7. diffraction grating structure according to claim 6 (1) is characterized in that, described predetermined expectation diffraction efficiency _dFrom λ ₁To λ ₂Wavelength coverage in constant in fact, and the size of described post (2) and cutting (3) is adjusted, so that be created in poor in the constant in fact phase shift phi of being calculated between adjacent post (2) of described wavelength coverage.

8. diffraction grating structure according to claim 7 (1) is characterized in that, described wavelength X ₂It is described wavelength X ₁At least 1.5 times.

9. diffraction grating structure according to claim 8 (1) is characterized in that, described wavelength X ₂It is described wavelength X ₁At least 2 times.

10. diffraction grating structure according to claim 6 (1) is characterized in that, described predetermined expectation diffraction efficiency _dHave non-constant wavelength response, and the size of so described post (2) and cutting (3) makes it in several wavelength X _iThe place produces the needed described phase section Φ of described expectation diffraction efficiency that difference in the phase shift phi calculated equals the position that overlaps in the position with described post (2) _rTwo points between differ.

11. diffraction grating structure according to claim 10 (1) is characterized in that, described predetermined expectation diffraction efficiency _dDescribed wavelength response compensate the spectrum (5) of the described light source in the optical system that comprises light source and described diffraction grating structure (1) in fact.

12. each the described diffraction grating structure (1) according to claim 6 to 11 is characterized in that the described grating cycle (d) of described diffraction grating structure (1) comprises at least two different groove depths.
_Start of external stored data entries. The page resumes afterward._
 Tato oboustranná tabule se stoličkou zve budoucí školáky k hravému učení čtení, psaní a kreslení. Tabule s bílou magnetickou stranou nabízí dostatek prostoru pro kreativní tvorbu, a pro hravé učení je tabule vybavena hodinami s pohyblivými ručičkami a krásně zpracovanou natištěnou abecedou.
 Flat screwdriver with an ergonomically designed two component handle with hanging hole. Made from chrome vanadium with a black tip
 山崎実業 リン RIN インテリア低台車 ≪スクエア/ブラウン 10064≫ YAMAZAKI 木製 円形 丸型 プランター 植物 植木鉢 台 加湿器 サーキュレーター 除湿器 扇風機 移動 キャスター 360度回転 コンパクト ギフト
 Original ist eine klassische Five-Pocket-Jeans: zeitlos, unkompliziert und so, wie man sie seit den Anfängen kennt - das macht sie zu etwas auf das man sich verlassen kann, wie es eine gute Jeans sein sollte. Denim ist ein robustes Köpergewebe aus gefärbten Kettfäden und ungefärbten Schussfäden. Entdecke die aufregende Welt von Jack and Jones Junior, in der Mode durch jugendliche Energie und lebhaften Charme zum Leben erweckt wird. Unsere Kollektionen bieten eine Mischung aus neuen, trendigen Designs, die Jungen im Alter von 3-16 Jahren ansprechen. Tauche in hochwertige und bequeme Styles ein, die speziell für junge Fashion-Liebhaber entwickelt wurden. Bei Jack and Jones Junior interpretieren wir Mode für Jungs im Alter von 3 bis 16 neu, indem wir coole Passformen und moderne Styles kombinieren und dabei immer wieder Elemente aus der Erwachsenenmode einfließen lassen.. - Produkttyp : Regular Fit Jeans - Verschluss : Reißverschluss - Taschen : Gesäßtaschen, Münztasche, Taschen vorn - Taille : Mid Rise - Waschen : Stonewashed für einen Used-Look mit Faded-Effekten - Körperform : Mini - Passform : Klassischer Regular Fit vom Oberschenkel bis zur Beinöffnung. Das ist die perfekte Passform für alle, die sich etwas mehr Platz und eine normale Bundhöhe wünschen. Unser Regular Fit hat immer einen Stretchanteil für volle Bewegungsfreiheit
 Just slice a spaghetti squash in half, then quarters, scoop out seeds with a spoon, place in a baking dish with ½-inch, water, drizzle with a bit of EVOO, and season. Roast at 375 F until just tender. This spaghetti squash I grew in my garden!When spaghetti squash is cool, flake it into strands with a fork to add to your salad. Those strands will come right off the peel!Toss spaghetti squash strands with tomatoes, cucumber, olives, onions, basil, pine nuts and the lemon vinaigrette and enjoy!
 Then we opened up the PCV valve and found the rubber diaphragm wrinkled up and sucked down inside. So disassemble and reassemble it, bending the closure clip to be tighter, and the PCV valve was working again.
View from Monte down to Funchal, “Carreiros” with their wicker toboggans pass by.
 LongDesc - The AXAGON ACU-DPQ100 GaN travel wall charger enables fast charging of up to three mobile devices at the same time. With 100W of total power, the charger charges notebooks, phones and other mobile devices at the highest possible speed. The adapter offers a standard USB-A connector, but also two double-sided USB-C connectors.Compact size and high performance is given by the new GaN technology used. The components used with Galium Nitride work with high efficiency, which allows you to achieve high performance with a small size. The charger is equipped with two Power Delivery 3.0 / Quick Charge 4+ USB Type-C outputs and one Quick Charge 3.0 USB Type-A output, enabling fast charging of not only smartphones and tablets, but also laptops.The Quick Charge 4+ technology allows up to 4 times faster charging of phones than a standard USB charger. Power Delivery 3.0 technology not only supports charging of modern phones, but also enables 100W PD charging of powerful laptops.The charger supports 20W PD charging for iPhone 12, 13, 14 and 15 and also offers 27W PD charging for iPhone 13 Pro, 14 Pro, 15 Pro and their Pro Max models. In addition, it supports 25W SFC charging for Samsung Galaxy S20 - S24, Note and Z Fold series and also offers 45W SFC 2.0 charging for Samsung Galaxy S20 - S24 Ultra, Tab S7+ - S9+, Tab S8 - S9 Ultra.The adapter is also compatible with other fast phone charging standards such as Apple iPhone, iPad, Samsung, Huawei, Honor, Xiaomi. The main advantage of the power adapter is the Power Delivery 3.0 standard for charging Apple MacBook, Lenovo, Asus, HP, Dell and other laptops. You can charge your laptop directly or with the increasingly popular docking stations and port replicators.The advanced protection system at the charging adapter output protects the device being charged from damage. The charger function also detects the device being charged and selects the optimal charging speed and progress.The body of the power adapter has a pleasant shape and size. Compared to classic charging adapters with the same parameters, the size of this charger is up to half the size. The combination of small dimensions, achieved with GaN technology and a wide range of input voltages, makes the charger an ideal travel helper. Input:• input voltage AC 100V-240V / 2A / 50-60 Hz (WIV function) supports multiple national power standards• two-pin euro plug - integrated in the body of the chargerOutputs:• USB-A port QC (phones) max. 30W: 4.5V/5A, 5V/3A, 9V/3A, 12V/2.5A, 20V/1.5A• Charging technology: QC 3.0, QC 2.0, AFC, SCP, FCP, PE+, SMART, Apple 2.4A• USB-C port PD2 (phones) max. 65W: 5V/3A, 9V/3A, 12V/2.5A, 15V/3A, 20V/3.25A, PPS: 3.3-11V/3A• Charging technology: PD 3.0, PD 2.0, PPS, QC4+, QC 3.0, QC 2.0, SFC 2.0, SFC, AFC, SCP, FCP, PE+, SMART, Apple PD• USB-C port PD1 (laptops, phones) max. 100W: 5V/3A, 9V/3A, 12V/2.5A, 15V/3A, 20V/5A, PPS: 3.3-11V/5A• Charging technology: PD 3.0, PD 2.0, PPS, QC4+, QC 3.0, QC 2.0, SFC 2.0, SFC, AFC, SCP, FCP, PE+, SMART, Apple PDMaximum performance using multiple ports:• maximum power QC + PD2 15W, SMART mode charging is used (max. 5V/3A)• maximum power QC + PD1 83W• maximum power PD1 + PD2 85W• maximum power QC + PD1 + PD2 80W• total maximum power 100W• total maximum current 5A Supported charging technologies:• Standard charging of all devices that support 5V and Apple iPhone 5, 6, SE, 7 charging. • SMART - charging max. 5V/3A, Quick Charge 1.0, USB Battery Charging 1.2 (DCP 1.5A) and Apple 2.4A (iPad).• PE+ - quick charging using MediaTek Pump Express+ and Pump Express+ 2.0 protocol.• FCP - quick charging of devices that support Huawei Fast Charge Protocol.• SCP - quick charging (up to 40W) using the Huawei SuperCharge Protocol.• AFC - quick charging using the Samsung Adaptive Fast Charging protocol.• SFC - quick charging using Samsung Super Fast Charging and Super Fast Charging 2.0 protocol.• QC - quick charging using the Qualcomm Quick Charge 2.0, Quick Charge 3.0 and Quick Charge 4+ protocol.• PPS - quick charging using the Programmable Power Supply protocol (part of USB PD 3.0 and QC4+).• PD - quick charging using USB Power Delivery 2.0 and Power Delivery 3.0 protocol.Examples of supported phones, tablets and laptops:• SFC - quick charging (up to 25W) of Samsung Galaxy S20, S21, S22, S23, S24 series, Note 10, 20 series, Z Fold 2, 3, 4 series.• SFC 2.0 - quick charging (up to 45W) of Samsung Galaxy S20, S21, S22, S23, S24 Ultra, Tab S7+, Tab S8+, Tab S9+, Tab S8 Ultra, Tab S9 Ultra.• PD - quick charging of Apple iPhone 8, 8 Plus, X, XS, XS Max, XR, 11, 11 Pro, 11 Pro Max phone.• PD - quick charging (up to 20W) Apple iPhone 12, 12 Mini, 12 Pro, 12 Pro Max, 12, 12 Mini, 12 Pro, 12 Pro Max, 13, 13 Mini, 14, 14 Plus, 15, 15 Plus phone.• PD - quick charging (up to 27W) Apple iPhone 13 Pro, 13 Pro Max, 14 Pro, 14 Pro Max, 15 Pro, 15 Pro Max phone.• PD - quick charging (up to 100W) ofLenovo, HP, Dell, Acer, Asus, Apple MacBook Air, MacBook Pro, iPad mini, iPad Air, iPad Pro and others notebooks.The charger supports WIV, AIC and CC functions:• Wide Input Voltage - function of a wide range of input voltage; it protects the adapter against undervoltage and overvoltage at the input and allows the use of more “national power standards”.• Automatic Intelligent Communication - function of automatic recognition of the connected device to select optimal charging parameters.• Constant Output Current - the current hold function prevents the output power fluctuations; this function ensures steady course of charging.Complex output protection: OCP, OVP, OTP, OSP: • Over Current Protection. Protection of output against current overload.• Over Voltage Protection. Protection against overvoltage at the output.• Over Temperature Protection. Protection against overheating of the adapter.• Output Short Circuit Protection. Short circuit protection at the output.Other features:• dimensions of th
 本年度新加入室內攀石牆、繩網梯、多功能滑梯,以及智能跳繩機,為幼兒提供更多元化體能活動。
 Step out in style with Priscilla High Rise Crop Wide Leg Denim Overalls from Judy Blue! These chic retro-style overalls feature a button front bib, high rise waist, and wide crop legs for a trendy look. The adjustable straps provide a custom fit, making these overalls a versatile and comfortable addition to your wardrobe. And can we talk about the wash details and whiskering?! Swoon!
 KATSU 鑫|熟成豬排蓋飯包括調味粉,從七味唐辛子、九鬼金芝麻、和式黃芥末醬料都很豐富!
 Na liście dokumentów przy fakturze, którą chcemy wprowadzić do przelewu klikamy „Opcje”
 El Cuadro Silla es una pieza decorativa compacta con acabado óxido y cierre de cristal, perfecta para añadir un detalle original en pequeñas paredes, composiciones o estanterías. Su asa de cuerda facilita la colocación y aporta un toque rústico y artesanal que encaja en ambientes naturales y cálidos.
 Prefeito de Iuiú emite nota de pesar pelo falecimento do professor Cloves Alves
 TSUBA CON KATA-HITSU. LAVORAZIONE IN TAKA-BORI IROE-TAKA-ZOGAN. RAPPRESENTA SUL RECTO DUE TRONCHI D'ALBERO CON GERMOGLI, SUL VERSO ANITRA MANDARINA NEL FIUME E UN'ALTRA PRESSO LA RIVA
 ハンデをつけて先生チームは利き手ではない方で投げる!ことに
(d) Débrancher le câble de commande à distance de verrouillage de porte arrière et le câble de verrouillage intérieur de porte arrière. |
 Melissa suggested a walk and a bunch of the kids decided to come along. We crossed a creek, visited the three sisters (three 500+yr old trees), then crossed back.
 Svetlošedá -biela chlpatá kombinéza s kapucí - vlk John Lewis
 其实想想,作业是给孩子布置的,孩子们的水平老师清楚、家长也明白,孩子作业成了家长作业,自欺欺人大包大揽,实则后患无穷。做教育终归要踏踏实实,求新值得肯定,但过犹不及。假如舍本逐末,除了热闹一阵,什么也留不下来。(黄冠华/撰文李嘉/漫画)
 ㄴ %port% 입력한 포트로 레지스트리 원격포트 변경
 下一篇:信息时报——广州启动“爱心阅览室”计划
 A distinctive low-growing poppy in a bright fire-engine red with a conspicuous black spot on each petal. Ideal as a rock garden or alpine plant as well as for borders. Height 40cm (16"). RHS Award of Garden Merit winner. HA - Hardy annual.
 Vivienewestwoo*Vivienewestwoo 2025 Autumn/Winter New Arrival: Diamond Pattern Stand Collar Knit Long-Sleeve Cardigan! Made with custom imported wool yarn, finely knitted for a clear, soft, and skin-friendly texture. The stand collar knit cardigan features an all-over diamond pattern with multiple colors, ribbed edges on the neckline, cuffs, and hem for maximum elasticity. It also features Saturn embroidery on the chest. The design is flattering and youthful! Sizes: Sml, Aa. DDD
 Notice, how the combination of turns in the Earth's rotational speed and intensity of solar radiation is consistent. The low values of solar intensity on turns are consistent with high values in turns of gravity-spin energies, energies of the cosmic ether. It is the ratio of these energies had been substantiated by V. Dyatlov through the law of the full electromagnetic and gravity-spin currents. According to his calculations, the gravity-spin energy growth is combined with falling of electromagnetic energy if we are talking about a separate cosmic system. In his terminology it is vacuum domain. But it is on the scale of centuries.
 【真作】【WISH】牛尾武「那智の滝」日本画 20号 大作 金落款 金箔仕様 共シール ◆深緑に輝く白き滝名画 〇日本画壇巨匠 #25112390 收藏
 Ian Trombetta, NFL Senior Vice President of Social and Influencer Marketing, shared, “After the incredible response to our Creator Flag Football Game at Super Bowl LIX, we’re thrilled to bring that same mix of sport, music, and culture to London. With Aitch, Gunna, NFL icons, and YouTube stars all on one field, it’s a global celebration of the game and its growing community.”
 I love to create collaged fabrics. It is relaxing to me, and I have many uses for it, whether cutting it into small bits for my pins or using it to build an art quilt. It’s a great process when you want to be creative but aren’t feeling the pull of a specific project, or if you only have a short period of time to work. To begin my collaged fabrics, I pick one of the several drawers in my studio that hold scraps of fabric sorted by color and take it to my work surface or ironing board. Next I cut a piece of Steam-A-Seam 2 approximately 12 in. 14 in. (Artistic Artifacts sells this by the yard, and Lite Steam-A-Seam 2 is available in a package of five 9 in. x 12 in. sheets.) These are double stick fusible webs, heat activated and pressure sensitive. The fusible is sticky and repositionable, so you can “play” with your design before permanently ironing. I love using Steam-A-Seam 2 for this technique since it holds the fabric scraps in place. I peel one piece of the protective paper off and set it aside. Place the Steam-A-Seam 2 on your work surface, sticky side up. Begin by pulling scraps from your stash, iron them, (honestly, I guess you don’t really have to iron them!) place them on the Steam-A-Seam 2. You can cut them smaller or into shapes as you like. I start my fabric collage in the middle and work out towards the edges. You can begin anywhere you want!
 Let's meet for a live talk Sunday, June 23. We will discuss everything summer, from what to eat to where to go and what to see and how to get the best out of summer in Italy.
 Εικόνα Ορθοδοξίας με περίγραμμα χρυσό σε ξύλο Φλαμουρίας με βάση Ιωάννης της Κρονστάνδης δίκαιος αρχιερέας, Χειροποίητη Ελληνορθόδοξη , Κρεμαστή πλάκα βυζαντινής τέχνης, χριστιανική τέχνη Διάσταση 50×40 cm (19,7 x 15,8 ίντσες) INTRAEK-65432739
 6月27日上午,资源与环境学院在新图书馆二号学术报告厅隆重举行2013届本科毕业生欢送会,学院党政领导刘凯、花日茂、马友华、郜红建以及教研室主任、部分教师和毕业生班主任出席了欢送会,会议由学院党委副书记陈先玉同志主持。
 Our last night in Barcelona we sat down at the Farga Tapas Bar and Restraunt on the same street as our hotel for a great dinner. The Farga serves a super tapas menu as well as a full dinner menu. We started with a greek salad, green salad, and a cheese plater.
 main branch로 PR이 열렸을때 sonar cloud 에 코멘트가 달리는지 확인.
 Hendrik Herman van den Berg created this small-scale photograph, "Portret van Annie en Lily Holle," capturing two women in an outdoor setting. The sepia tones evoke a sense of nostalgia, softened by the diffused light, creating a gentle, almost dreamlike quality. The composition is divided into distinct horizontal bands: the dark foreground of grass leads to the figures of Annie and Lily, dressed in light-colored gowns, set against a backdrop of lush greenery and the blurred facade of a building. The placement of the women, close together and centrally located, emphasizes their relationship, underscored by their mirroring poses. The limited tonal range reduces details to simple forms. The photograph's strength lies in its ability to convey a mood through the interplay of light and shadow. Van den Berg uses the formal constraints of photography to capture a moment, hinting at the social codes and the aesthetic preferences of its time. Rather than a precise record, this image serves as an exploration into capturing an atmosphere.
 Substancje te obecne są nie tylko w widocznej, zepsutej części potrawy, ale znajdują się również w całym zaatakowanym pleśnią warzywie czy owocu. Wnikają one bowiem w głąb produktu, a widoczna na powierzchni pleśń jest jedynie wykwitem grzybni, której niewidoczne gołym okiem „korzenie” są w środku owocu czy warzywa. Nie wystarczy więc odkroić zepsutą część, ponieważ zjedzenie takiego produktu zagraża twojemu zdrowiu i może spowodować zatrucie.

13. each the described diffraction grating structure (1) according to claim 6 to 11 is characterized in that the described grating cycle (d) of described diffraction grating structure comprises at least three grating lines.

14. each the described diffraction grating structure (1) according to claim 6 to 11 is characterized in that, described diffraction grating structure (1) is the type that tilts.

15. diffraction grating structure according to claim 12 (1) is characterized in that, the described grating cycle (d) of described diffraction grating structure comprises at least three grating lines.

16. diffraction grating structure according to claim 12 (1) is characterized in that, described diffraction grating structure (1) is the type that tilts.

17. diffraction grating structure according to claim 13 (1) is characterized in that, described diffraction grating structure (1) is the type that tilts.

18. diffraction grating structure according to claim 15 (1) is characterized in that, described diffraction grating structure (1) is the type that tilts.